Quantification of dopamine transporter (DAT) availability with [18F]FE-PE2I PET enables the detection of presynaptic dopamine deficiency and provides a potential progression marker for Parkinson`s disease (PD). Simplified quantification is feasible, but the time window of short acquisition protocols may have a substantial impact on the reliability of striatal binding estimates. Dynamic [18F]FE-PE2I PET data of cross-sectional (33 PD patients, 24 controls), test-retest (9 patients), and longitudinal (12 patients) cohorts were used to assess the variability and reliability of specific binding ratios (SBR) measured during early peak and late pseudo-equilibrium. Receiver operating characteristics area under the curve (PD vs. controls) was high for early (0.996) and late (0.991) SBR. Early SBR provided more favourable effect size, absolute variability, and standard error of measurement than late SBR (caudate: 1.29 vs. 1.23; 6.9% vs. 9.8%; 0.09 vs. 0.20; putamen: 1.75 vs. 1.67; 7.7% vs. 14.0%; 0.08 vs. 0.17). The annual percentage change was comparable for both time windows (-7.2%-8.5%), but decline was significant only for early SBR. Whereas early and late [18F]FE-PE2I PET acquisitions have similar discriminative power to separate PD patients and controls, the early peak equilibrium acquisition can be recommended if [18F]FE-PE2I is used to measure longitudinal changes of DAT availability.

Reliability of dopamine transporter PET measurements with [18F]FE-PE2I in patients with Parkinson's disease.

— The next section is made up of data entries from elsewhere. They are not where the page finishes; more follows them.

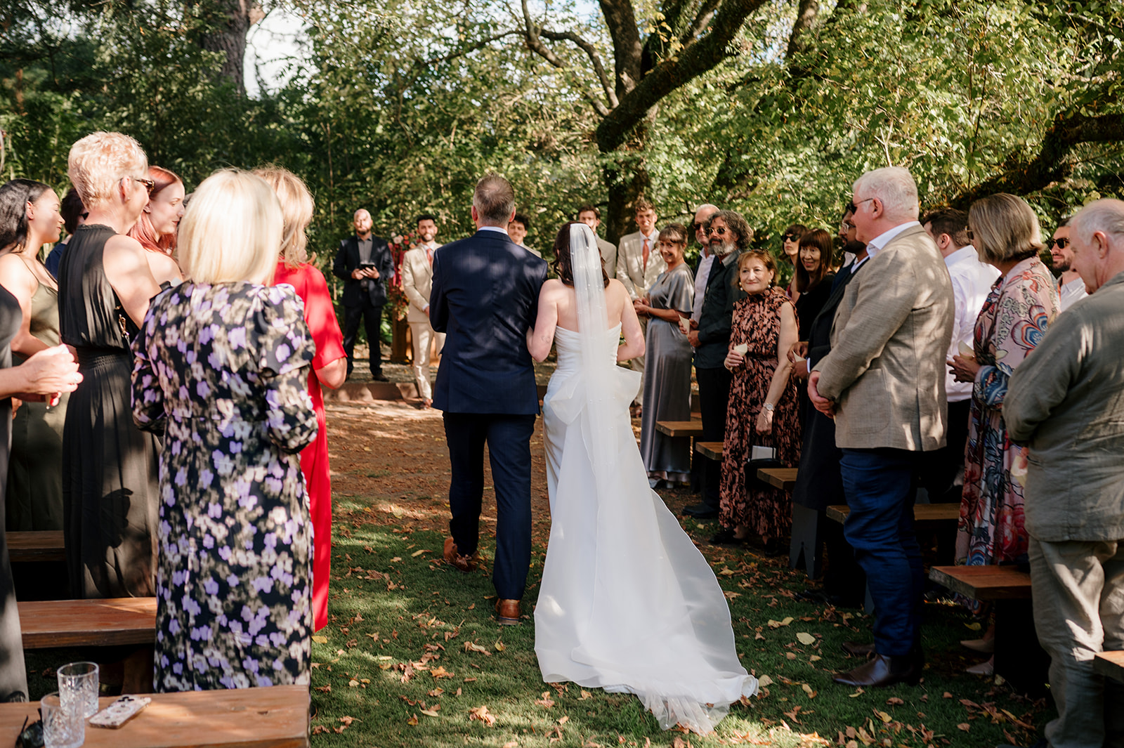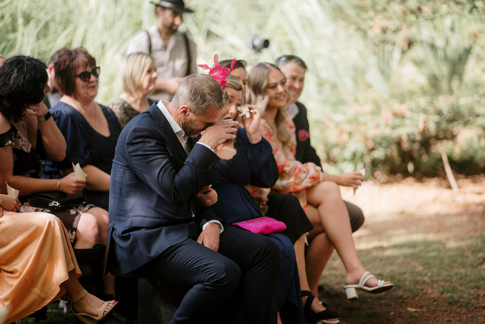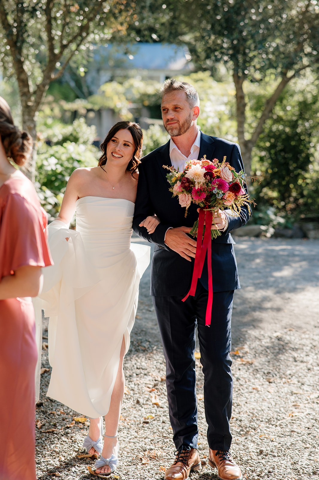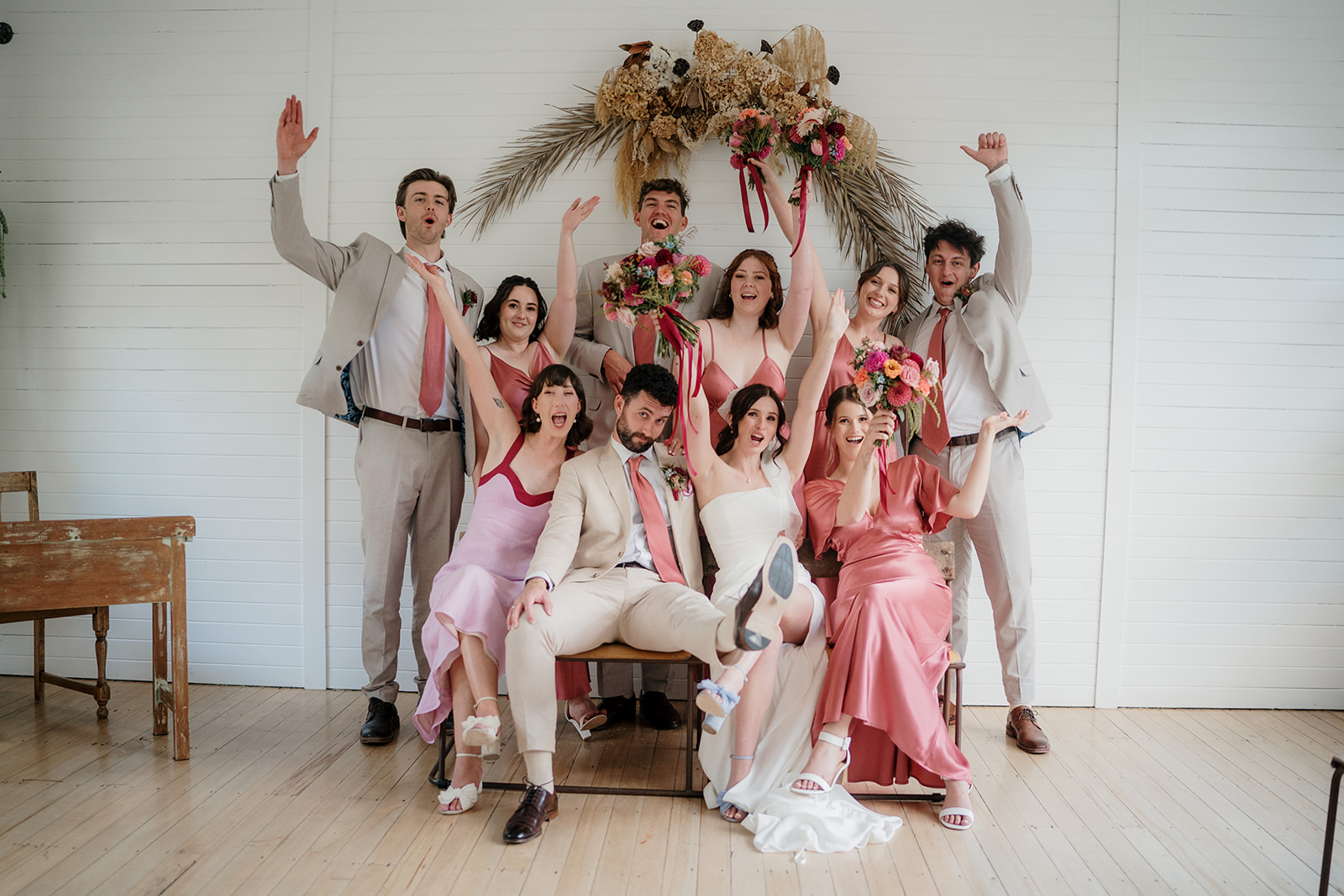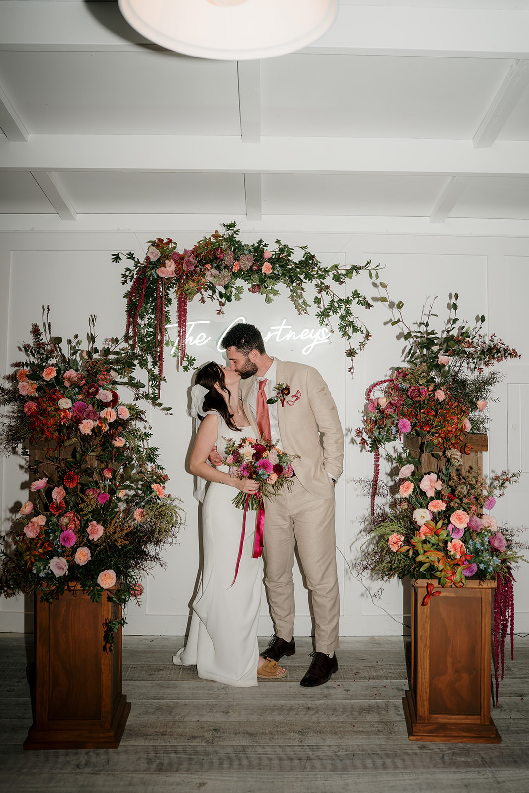 Beneath a towering old tree, surrounded by lush woodland, Amber and Mitch exchanged vows in a ceremony led by celebrant Justin Cherry. The scene was brought to life with Handpicked Florist’s striking floral columns in bold pink and magenta tones, creating the most breathtaking backdrop.
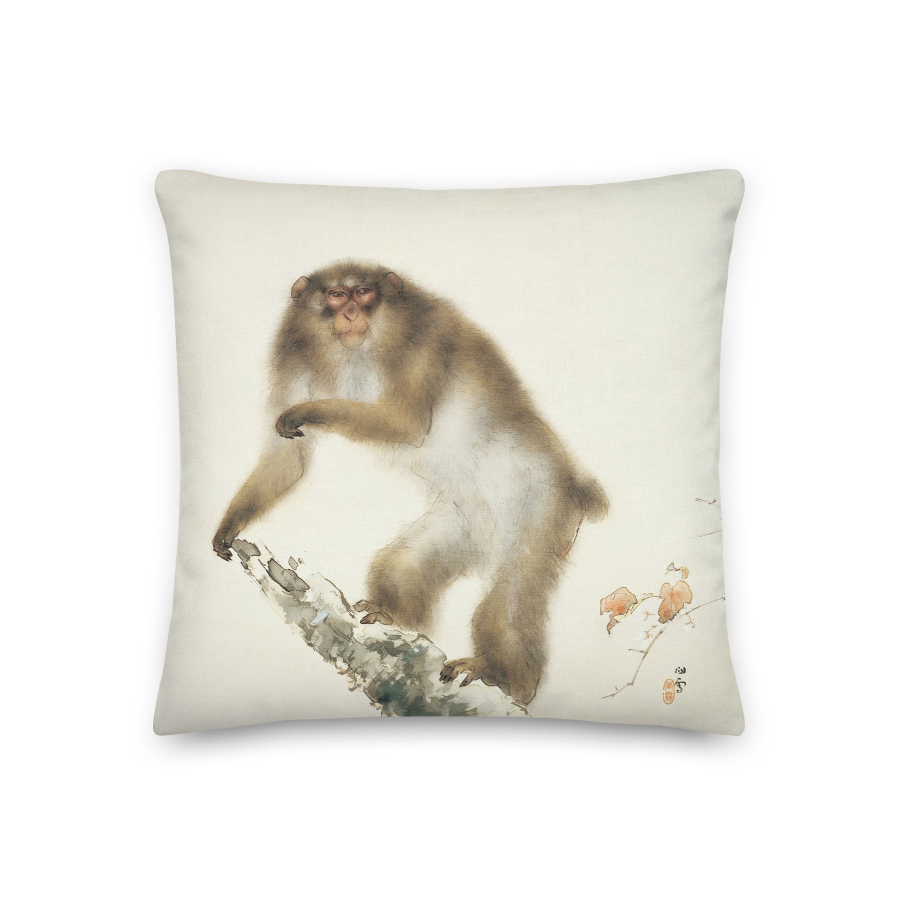 Premium-kussen - Hashimoto Kansetsu, Oude Aap met Kers in de Herfst
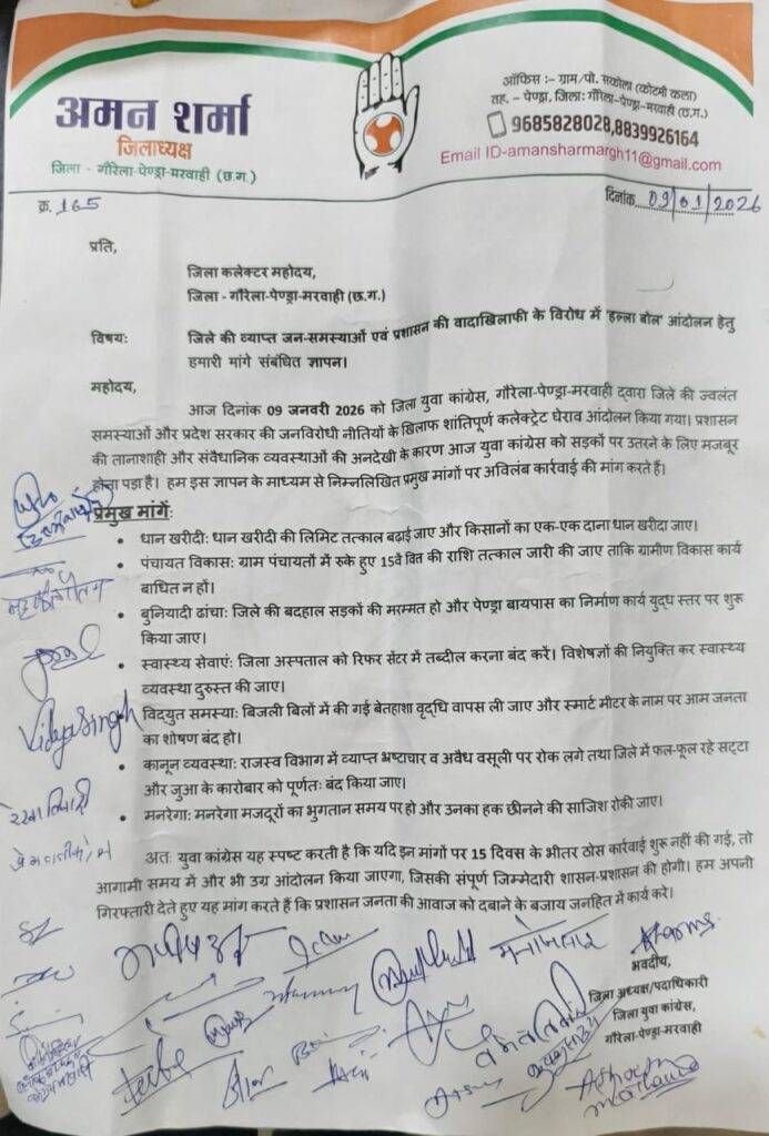 किसानों के हितों को लेकर युवा कांग्रेस ने धान खरीदी की सीमा बढ़ाने की मांग की। उनका कहना है कि वर्तमान लिमिट के कारण किसान मजबूरी में औने-पौने दाम पर धान बेचने को विवश हैं, जो अन्यायपूर्ण है।
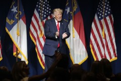 Invited to the stage briefly during his remarks, Trump daughter-in-law and North Carolina native Lara Trump announced she would not run for the Senate because of family obligations.
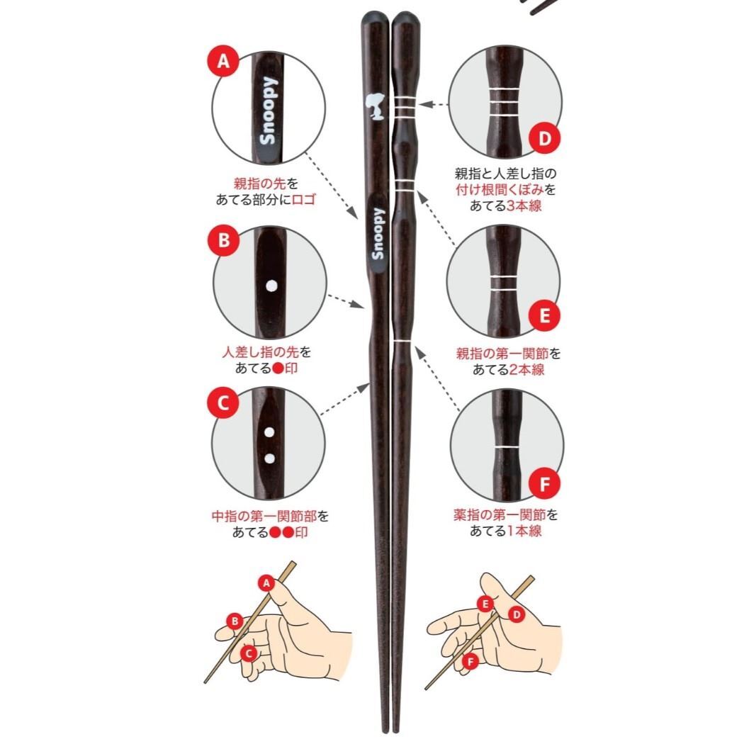 スヌーピーシルエットを自分に向けるだけで簡単上手に持てます 大人気PEANUTS/SNOOPYグッズにまたまた可愛いNEWアイテム登場 こちらはくぼみのあり特殊な構造で、無理なく美しい持ち方ができる矯正箸スヌーピーのシルエットを見えるように持つと、自然に正しく持てるような形になっています。お子様から大人の方まで対応できる3サイズを取り揃えました。ちょっと持ち方が不安だった大人も安心してもてるようになり、親子での食事の時間も楽しくなる。サイズ:約21cm(小学校高学年用)素材:天然木[Made in Japan]
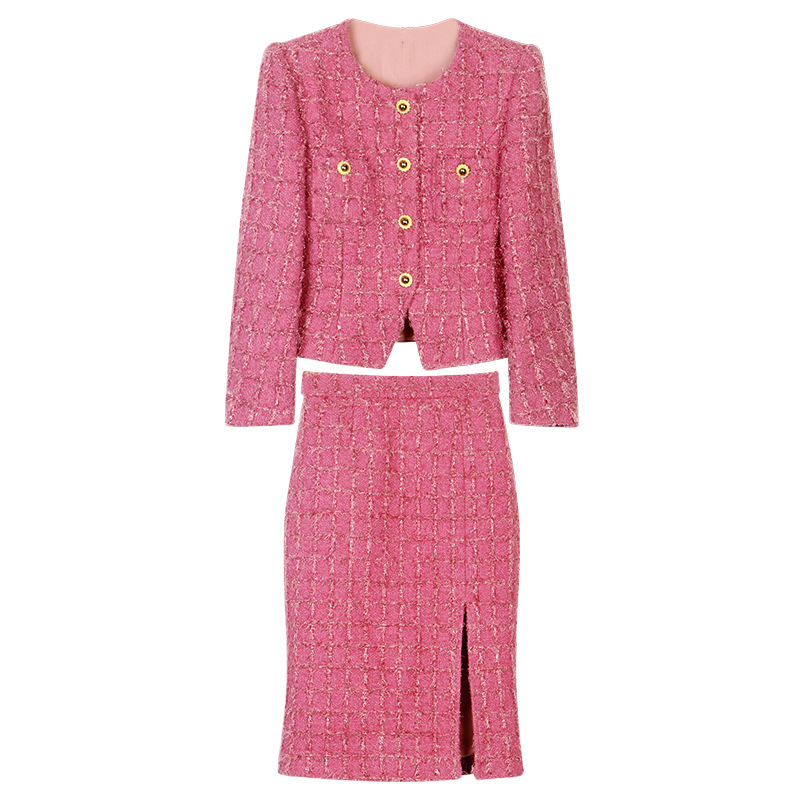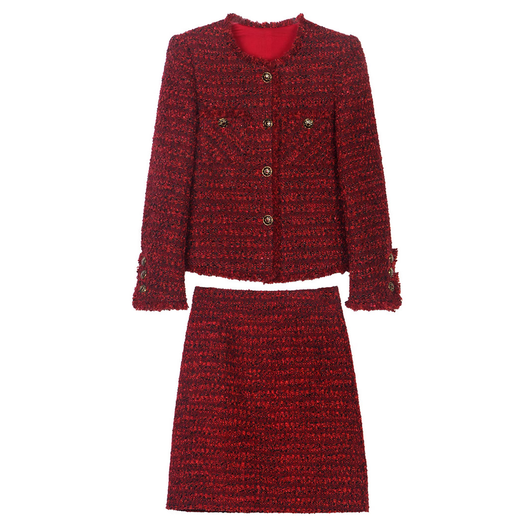 アンコラ紅小香風ツイードスーツ名媛洋気高級感カバースカートT28903

BACKGROUND: Reliable quantification of dopamine transporter (DAT), a biomarker for Parkinson's disease (PD), is essential for diagnostic purposes as well as for evaluation of potential disease-modifying treatment. Due to degeneration of dopaminergic neurons and thus lower expected radioligand binding to DAT, higher measurement variability in PD patients might be expected than earlier reproducibility results in healthy controls. Therefore, we aimed to examine the test-retest properties of [18F]FE-PE2I-PET in PD patients. METHODS: Nine patients with PD (Hoehn and Yahr stage < 3) were included (men/women 6/3; mean age 65.2 ± 6.8 years). Each patient underwent two [18F]FE-PE2I-PET measurements within 7-28 days. The outcome measure was non-displaceable binding potential generated using wavelet-aided parametric imaging with cerebellum as reference region. We assessed test-retest performance using estimates of reliability and repeatability. Regions for primary analysis were caudate, putamen, ventral striatum, and substantia nigra. Exploratory analysis was performed for functional subdivisions of the striatum. We also compared the more vs. less affected side. RESULTS: [18F]FE-PE2I showed absolute variability estimates of 5.3-7.6% in striatal regions and 11% in substantia nigra and ICCs of 0.74-0.97 (median 0.91). The absolute variability for functional striatal subdivisions was 6.0-9.6% and ICCs of 0.76-0.91 (median 0.91). The less affected substantia nigra exhibited greater consistency than the more affected side. According to power calculations based on the current sample size, DAT changes of 5-11% in the striatum and 28% in the substantia nigra can be detected with a power of 0.8 (p < 0.0125). CONCLUSION: DAT-PET measurements with [18F]FE-PE2I in PD patients showed good repeatability and reliability. The slightly lower reliability in the substantia nigra in patients may be explained by lower DAT density and smaller anatomical size. Power calculations suggest that [18F]FE-PE2I PET is a suitable marker for longitudinal DAT decline in PD. TRIAL REGISTRATION: EudraCT 2017-003327-29.